OpenAI launches o1, models that reason before answering
OpenAI introduces o1-preview and o1-mini, two models designed to spend more time on internal reasoning. The company is targeting math, science, and programming, although the launch comes with usage limits and missing features.
OpenAI introduced o1-preview and o1-mini on Thursday, a new family of models that uses more compute to reason before generating a response. The development matters because it shifts part of AI's improvement away from model size and toward the time spent solving each problem.
The company had previewed this line of research under the codename Strawberry. Its first commercial result does not replace GPT-4o: it is designed for tasks where a fast answer matters less than a well-formed solution, such as a complex math problem, a scientific query, or debugging code.
Taking more time before answering
Conventional language models generate text by predicting, one word at a time, what the most likely continuation should be. o1 adds a longer internal reasoning phase. During training, OpenAI used reinforcement learning, a technique that rewards strategies leading to a correct answer and penalizes mistakes.
As a result, the model can try different approaches, detect when one does not work, and correct itself before delivering its final answer. That does not mean it understands a problem like a person or makes every response correct. It does change how it handles tasks that require chaining together several logical steps.
OpenAI does not show users the model's full chain of thought. Instead, the interface may display a brief indication of the process while the model works and then deliver the answer. That is an important precaution: internal reasoning should not be mistaken for a verifiable demonstration. In math, research, or professional work, the answer still needs human review and comparison against independent sources or calculations.

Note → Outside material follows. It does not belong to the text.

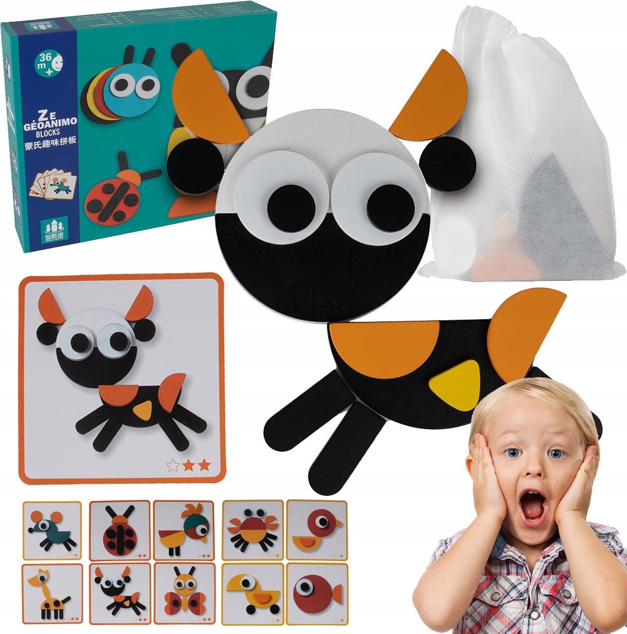 UKŁADANKA KLOCKI EDUKACYJNE DREWNIANE ZWIERZĄTKA Parametry Opakowanie: 21,5 x 25,5 x 5,0 cm Drewniane klocki: 29 sztuk 20 kart przedstawiających zwierzątka materiałowy woreczek do przechowywania 24,5 x 19,0 cm Wiek: 3+ Pozwól swojemu dziecku uczyć się poprzez zabawę! Zestaw drewnianych klocków w różnych kształtach i żywych kolorach to niekończące się możliwości zabawy!Solidnie wykonana zabawka zapewni Twojemu dziecku godziny rozrywki. WSPANIAŁA ZABAWA NA WIELE GODZIN W pudełku znajdziemy 20 kart, które pozwolą nam stworzyć 20 różnych zwierzątek oraz materiałowy woreczek do przechowywania. Pozwól dziecku układać puzzle patrząc na kartę, a potem bez podpowiedzi. Dodatkowo na kartach znajdują się gwiazdki od 1 – 3 ukazujące poziom trudności ułożenia danego zwierzątka.Pozwól rozwinąć kreatywność swojego dziecka!Baw się razem ze swoim dzieckiem.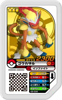 Infernape (Japanese: ゴウカザル Goukazaru) is a Grade 3 Pokémon Ga-Olé disk. It is part of the second set.

Better results on math and coding tests
The company accompanied the launch with results that capture o1's goal. On a qualifying exam for the International Mathematical Olympiad, GPT-4o correctly solved 13% of the questions, while o1 reached 83%, according to OpenAI. In Codeforces programming competitions, the model ranked in the 89th percentile.
These tests do not measure intelligence as a whole or guarantee the same performance in real-world work. But they highlight a known weakness of generative assistants: they can confidently explain an incorrect solution when a problem requires maintaining logical consistency across many steps. o1's advance lies precisely in reducing that failure in structured domains.
o1-preview is the new series' more capable general-purpose version. It is available today to ChatGPT Plus and Team subscribers, with an initial limit of 30 messages per week. It is also coming to the API for developers who meet OpenAI's access requirements.
The second version, o1-mini, focuses on programming and STEM subjects—the acronym for science, technology, engineering, and mathematics. OpenAI offers it as a faster alternative that is 80% cheaper than o1-preview: it costs $3 per million input tokens and $12 per million output tokens, compared with $15 and $60, respectively, for o1-preview. A token is a unit of text that models use to process and generate language.
More capability, but fewer features than GPT-4o
The launch has clear limitations. In ChatGPT, o1-preview and o1-mini still lack tools already common in GPT-4o, such as web browsing, file uploads, and image analysis. They are also slower: that pause is not an accidental flaw but the cost of devoting more resources to reasoning.
This means choosing a model based on the task. For drafting, summarizing a document, or keeping a conversation moving quickly, GPT-4o will remain the more practical option in many cases. For solving a difficult technical exercise, reviewing a programming strategy, or exploring a scientific hypothesis, o1 may justify the wait and the higher price.
OpenAI has also evaluated this family under its framework for advanced-risk preparedness. The company classifies o1-preview as presenting medium risk in capabilities related to chemical, biological, radiological, and nuclear threats, and applies specific safeguards to those queries. It is a sign that more capable reasoning does not just improve useful answers: it also requires raising the bar for safety evaluation before access is expanded.
The first version of o1 is therefore less a universal assistant than a bet on models that know when to stop and work through a problem. Its evolution will depend on whether OpenAI can extend that reasoning to more tools and tasks without turning every everyday query into a costly wait.